Offline Henryk Niestrój

  • młodszy(a) archiwista(ka)
  • *
  • Wiadomości: 196
  • Płeć: Mężczyzna
    • Arcaion
Nietypowe materiały przejęte do archiwum. Co robić?
« Odpowiedź #29 dnia: Październik 04, 2006, »
Cytuj
Ale tak naprawdę interesują mnie te firmowe koszulki. W jaki sposób są przechowywane w archiwum? Złożone w pudełku??? Powieszone na wieszaku (w szafie? gablocie?)??? A może prezentowane są na manekinie???

Zrobiono odpowiednie pudełka. Nie mieli z tym problemu, obok mieści się chyba największy w Niemczech zakład konserwatorski  :D
Ale nie przejmowałbym się tak bardzo sposobem przechowywania akt. W archiwum miejskim w Zürichu widziałem wielkie paczki akt opakowane folią i złożone na regałach jeszcze na paletach, bo tak je przywieziono metrem (magazyny są połączone bezpośrednio z metrem, wykorzystano pomieszczenia wykorzystywane podczas budowy metra).
...ale odbiegłem od tematu  :roll:

Uważam, że materiałów związanych z zespołem, oddzielać od niego się nie powinno.

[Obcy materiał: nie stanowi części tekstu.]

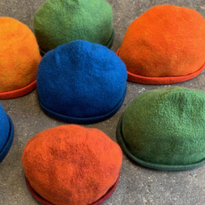 En hatt kan vara en ihålig form där ullen filtas runt en mall. Hatten filtas i fin ull med olika färger på insidan och utsidan. Den kliar inte och är därför bra som bastuhatt.

A jedynie względy konserwatorskie powinny przemawiać za fizycznym ich oddzieleniem (podobna sprawa, jak w przypadku chociażby fotografii). Co innego zaś, gdy mamy do czynienia z całymi kolekcjami owych przykładowych orderów. Materiały tego typu (powtarzalne), a do tego nie mające ścisłego powiązania z zespołem (od czego dyskusja się właściwie zaczęła) wydaje się lepiej przeznaczyć na... wystawę w holu archiwum, albo prezent dla muzeum.